Sinclair's arrest "followed a year-long undercover infiltration of his group of friends, family, and colleagues. His arrest galvanized opposition to the drastic and cruel marijuana laws in Michigan. Thousands rallied with musicians Stevie Wonder, Bob Seger, and John Lennon and Yoko Ono on December 10, 1971 at Crisler Arena in Ann Arbor to demand his release from Jackson Prison.

"Mr. Sinclair had already served 29 months in prison by the time he was released on bond (three days after the Ann Arbor rally) by the Michigan Supreme Court. Three months later, the Court overturned Sinclair’s conviction and ruled that the state’s marijuana law was unfair and unreasonable and that it was unconstitutional to classify marijuana with narcotics such as opium."

The plaintiffs are represented by attorneys Matthew Abel and Michael Komorn. On February 19, Assistant Attorneys General Michelle M. Brya, Joshua 0. Booth, and Erika N. Marzorati filed with Judge Colleen O'Brien in the Court Of Claims as defense counsel for the Michigan Board of Pharmacy and Nichole Cover.

These learned representatives of Michigan Attorney General Dana Nessel filed a motion for summary disposition, to which our lawyers filed a response and counter-motion for summary disposition ON MARCH 9 which included, among others, the following arguments:

I. Michigan has redefined Marihuana 
Marihuana is a legally defined term in which “Industrial hemp” is excluded. [HB 6331, March 28, 2019]. Marihuana is now defined as only those “parts of the [hemp] plant” with a delta 9 THC concentration of more than .3%.
Yet defendants continue to list cannabis as a Schedule 1 contraband, providing the justification for continued police raids.

II. Michigan has legalized marihuana for adult use 
“The purpose of this act [MCL 333.27952] is to make marihuana legal under state and local law for adults 21 years of age or older.... The intent is to prevent arrest and penalty for personal possession and cultivation of marihuana by adults 21 years of age or older; remove the commercial production and distribution of marihuana from the illicit market.”
Any use, production, or distribution of marihuana is only “illicit” because defendants here continue to list marihuana as a Schedule 1 controlled substance.

III. Schedule 2 is a red herring 
Marihuana remains Schedule 1 in the Public Health Code and the Pharmacy Board’s administrative rules promulgated thereunder.
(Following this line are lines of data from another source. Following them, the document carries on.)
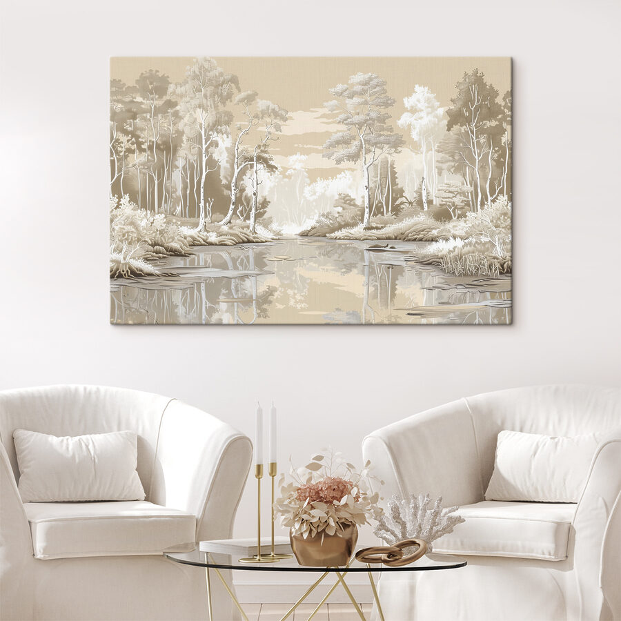 Imaginez que vous pénétrez dans une oasis de tranquillité chaque fois que vous entrez dans votre chambre. Cette impression sur toile d’une rivière sereine encadrée d’arbres luxuriants et de plantes délicates apporte la tranquillité de la nature à l’intérieur. Le doux reflet de l’eau donne l’impression d’un coin de paradis sur votre mur. Parfait pour un coin lecture confortable ou une chambre à coucher apaisante, ce tableau nous rappelle de ralentir et de respirer. Qui ne voudrait pas rêvasser au bord d’une rivière ? Il suffit de l’accrocher, d’allumer une bougie et de laisser la détente commencer. Entourez-vous du charme de la nature et laissez vos soucis s’envoler.
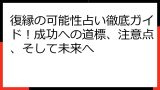 さらに、もし復縁が難しいと判断された場合でも、前を向いて幸せな未来を築くための具体的な方法についても提案します。
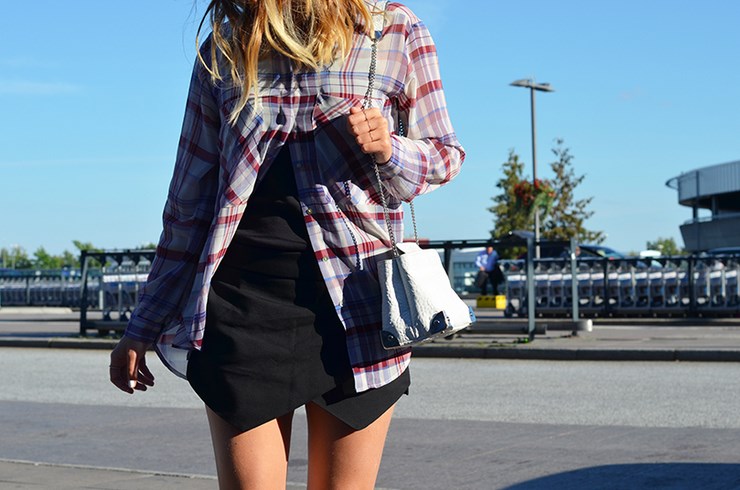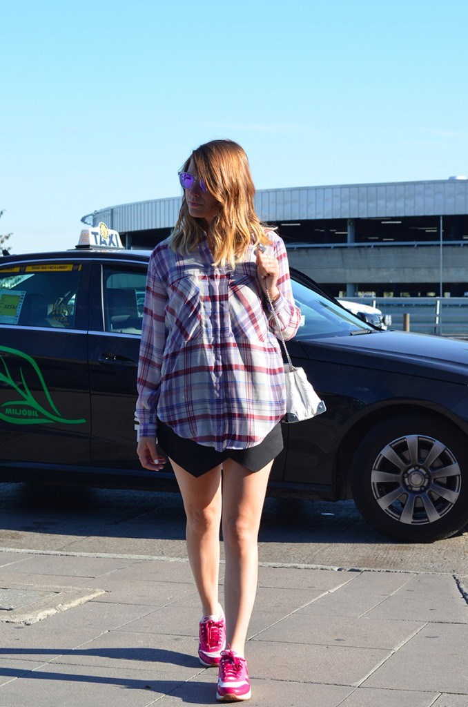 2ème jour, 2ème look : Chemise, short et sac Zara, lunettes Oakley et Nike Air Max.

Consequently, Michigan law states that marihuana simultaneously “has currently accepted medical use in treatment in the U.S.” and does not. This is precisely the unharmonizable absurdity that renders marihuana’s inclusion on Schedule 1 repealed by implication. 
Marihuana cannot both have and not have accepted medical use. It cannot be both “authorized under this act” and not authorized by it. 
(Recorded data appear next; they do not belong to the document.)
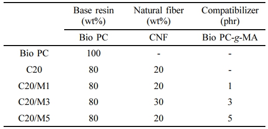 시약 및 재료. 실험에 사용된 Bio PC(TRIECO, Samyang, Korea)는 Isosorbide를 원료로 제조한 바이오매스 함량 50%인 소재를 사용하였고, 물성 향상을 위한 친환경 섬유는 Width 10-50 nm의 파우더 형태인 Cellulose nanofiber(WFo–UNDP, Sugino, Japan)을 선정하였다. Bio PC와 친환경 섬유 사이의 계면 접착력 향상을 위해 상용화제인 Bio PC-g-MA를 반응압출 공정을 통해 제조하였다. 상용화제는 Bio PC 주사슬에 grafting monomer로써 maleic anhydride(MA, OCI, Korea)과 그래프트 반응을 위한 개시제로는 di–cumyl hydroperoxide (DCP, Dongsung chemical, Korea)를 사용하였다. 제조된 Bio PC-g-MA 상용화제의 미반응 MA 제거를 위해 아세톤(Samchun, Korea)을 사용하였다. 모든 재료는 시편 제조 전 60 ℃에서 6시간 건조 후 사용하였다.
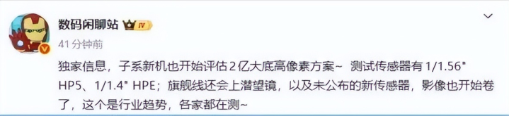 11 月 21 日,圈内出现“子系品牌评估 2 亿像素大底方案”的线索,跟帖猜测多把目标指向 Redmi K100 Pro Max;流出的测试清单里同时出现 1/1.56″ 三星 ISOCELL HP5 与 1/1.4″ HPE,配套潜望长焦与一枚未公开的新传感器,均为爆料场景的信息点。
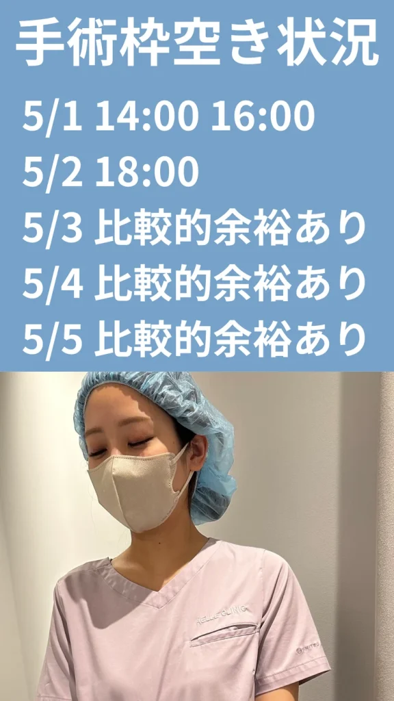 手術の進行具合でお待たせするお時間も発生するかもなのでお時間に余裕を持ってお越しください。
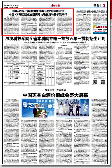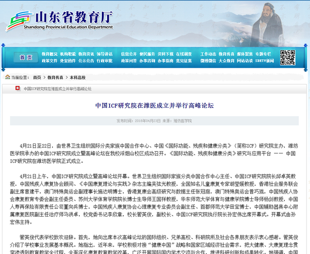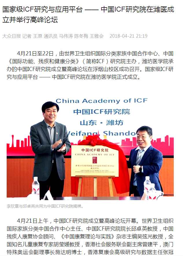 4月21日-22日,《国际功能、残疾和健康分类》研究与应用平台 —— 中国ICF研究院在我校正式成立并举行高峰论坛。对此,大众日报、山东省教育厅、山东卫生健康、中国高校之窗、潍坊日报、潍坊电视台、舜网、潍坊新闻网等多家媒体进行了宣传报道,报道中国ICF研究院在潍坊医学院成立,将打造符合国际标准的、集残疾政策与发展研究、功能和残疾分类研究、残疾评估以及康复为一体的国家级研究中心和培训基地,积极探索基于ICF的残疾与康复服务的模式、技术与方法、大数据平台标准和整体解决方案,为新时代国家残疾人事业发展和残疾康复服务提供有力人才和智力支持。

And therein lies the rub. The MMFLA and the MMRTA have irrevocably displaced marijuana’s listing as a controlled substance. Otherwise, every use, possession, and distribution of marihuana under those laws is a violation of the Controlled Substance Act.
Because marihuana has currently accepted medical use in treatment in the U.S., it cannot be Schedule 1. Because the legislature and voters have displaced the requirements that apply to controlled substances, marihuana must be removed from the controlled substances list altogether. Continued classifying marihuana with the harmful drugs is arbitrary, capricious, absurd, and in irrevocable conflict with controlling law. It must be de-scheduled.
It has been legislatively and judicially determined that marijuana is not a harmful drug and that to classify it with the opioids is unconstitutional. People v Sinclair, 387 Mich 91; 194 NW 2d 878 (1972). 

Defendants admit that as a Schedule 1 drug, marijuana is contraband. MCL 333.7525(1) provides: “A controlled substance listed in schedule 1 that is possessed, transferred, sold, or offered for sale in violation of this article is contraband and shall be seized and summarily forfeited to this state.” But marijuana cannot be Schedule 1. For the same reason, it cannot be Schedule 2. Moving marijuana to Schedule 2 does nothing to remove the constitutional infirmity of listing marijuana as a controlled substance. 

That's our case in a nutshell. Free The Weed!